Инночкин не был сволочью, тем более конченой. Поэтому он ответил:

– Я сейчас возьму пельменей и спасу тебя от голодной смерти. Или пиццу?

– Из твоих рук даже яд. Жду.

Затем Костя отказался от услуг Рубахина – не хотелось пошлости слушать, и поймал такси: свой авто на профилактике в СТО. Подумав о Соломоне Венедиктовиче, поймал себя на мысли о том, что пьяный Рубахин нравится ему гораздо больше трезвого – никакой заносчивости, никакого апломба, никакого негатива в отношениях с окружающими. Напротив – сплошной позитив. Да он и сам на лесть подчиненных «Золотой вы человек, Соломон Венедиктович!» говорил без бахвальства: «Когда выпью – да!»

– Как ты вовремя! Молодец! – похвалила Клара, открывая дверь.

В прихожую тут же потянуло запахом свежей выпечки, к которому примешивались ваниль и корица.

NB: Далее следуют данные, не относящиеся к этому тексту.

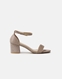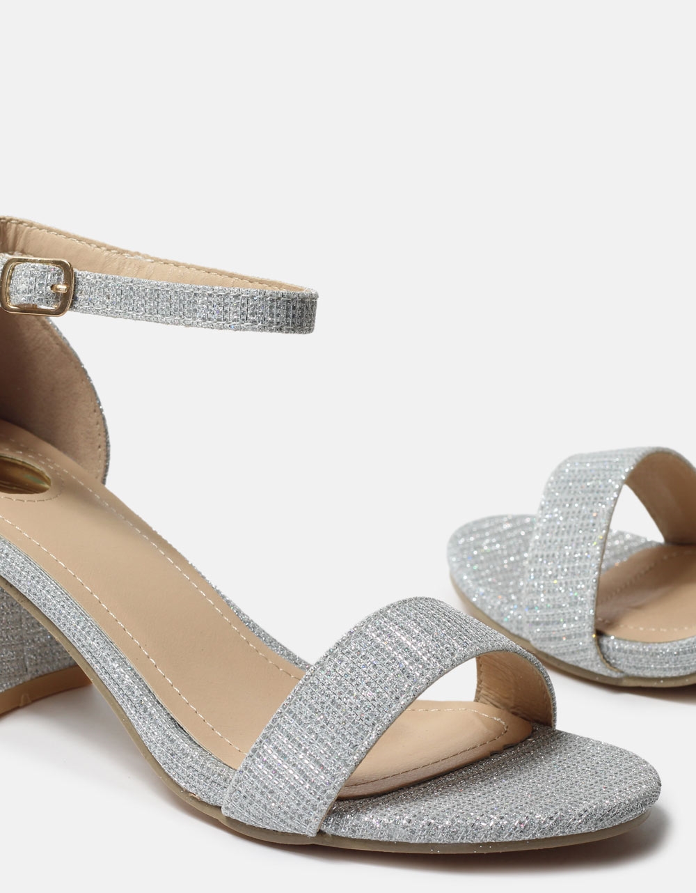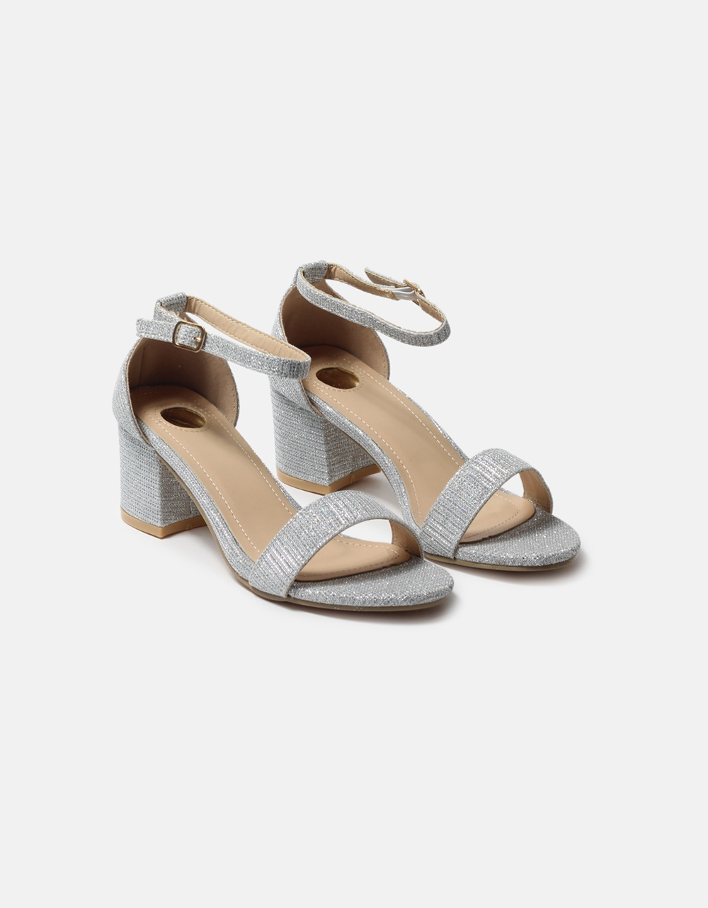 Χαμηλά πέδιλα από glitter υλικό. Δένουν με μπαρέτα στο ύψος του αστραγάλου, ενώ διαθέτουν χαμηλό τετράγωνο τακούνι για άνετο βάδισμα.

Несмотря на заявленное «нездоровье», Вербицкая была не в халате, как ожидалось, а при полном домашнем параде – кремовая трикотажная блузка, светло-коричневые бриджи с завязками на поясе, легкий, естественный, без ярких красок макияж.

– Я испекла сметанный кекс с изюмом, – придав голосу заговорщицкий оттенок, словно речь шла о чем-то запретном и оттого еще более желанном, сообщила хозяйка. – Можешь считать, что старалась к твоему приезду. Так что ты просто обязан попробовать.

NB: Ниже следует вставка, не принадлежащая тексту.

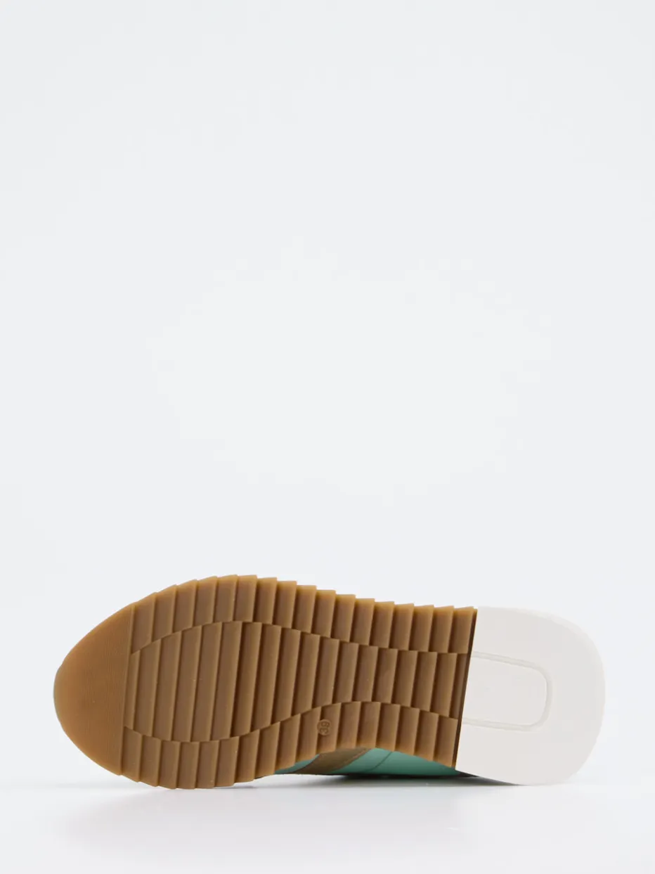Ideal für entspannte Alltagstage oder die nächste Urlaubsreise bietet dieser Schuh Tragekomfort in H-Weite, ergänzt durch ein wechselbares Softfußbett. Die Kombination aus Veloursleder und Textil verleiht dem Modell eine matte, zugleich strukturierte Oberfläche. Pastellfarbenes Mintgrün dominiert das Design, akzentuiert durch goldmetallische Highlights und eine beigefarbene Keilsohle mit markantem Profil. Seine klassische Runner-Silhouette mit Schnürverschluss spiegelt angesagte Streetwear-Ästhetik wider. Metallic-Akzente und Logo-Details sorgen für einen trendbewussten Auftritt, besonders reizvoll zu verkürzten Hosen oder fließenden Röcken.

– А это куда? – пакет пельменей в руках.

– В морозилку или домой увезешь.

Кекс, стоявший посреди стола, уже успел остыть до той кондиции, когда его можно есть.

– Чай? Кофе?

– Чай, и покрепче, пожалуйста, – попросил Инночкин.

Незаметно для себя Костя слопал почти весь кекс. Хозяйке досталось всего два кусочка, но она не была в претензии.

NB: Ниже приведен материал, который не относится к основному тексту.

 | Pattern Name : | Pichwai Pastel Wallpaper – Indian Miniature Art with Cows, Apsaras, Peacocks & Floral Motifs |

– Я так радуюсь, когда моя стряпня кому-то нравится, – сказала она. – Иногда накатит: испеку что-нибудь и везу утром на работу, народ угощать. Хлопот на копейку, а удовольствия на миллион.

– В следующий раз, когда что-нибудь съедобное в банк привезешь, не забудь и меня пригласить, – напросился Инночкин.

– Я тебя уж не раз приглашала заглядывать на чашку чая, когда захочется. Только ты такой деловой….

– Ну а как же! Семью кормить надо.

Вербицкая поджала губы:

– Разумно. Только давай об этом не здесь и не сейчас. Еще хочешь чаю?

– Полчашки.

– Мужчины такие странные…, – Клара налила гостю чаю, отставила чайник в сторону. – Почему неудобно приходить в гости, если женщина приглашает? Почему нельзя получить максимум удовольствия от общения, если хочется? Почему, если нет никаких осложнений, их надо придумывать?

– Сама запрещаешь и сама начинаешь. Да будет тебе известно: я женат…

– Знал бы ты, как приятно соблазнять серьезных мужчин с моральными принципами! – рассмеялась Вербицкая. – Даже если известно, что ничего не получится, сам процесс увлекает и развлекает. Да ладно, не хмурься, тебе не идет суровость, ты и без нее красивый. Допивай чай и пошли смотреть бумаги – Ланселот же за ними прискакал.

Последняя фраза Клары была буквально пропитана сарказмом, но Инночкин предпочел его не заметить. Допил, как ему было велено, чай, и потопал за хозяйкой в ее кабинет.

«Времена меняются, и мы меняемся вместе с ними», – сказал римский поэт Овидий в год рождества Христова.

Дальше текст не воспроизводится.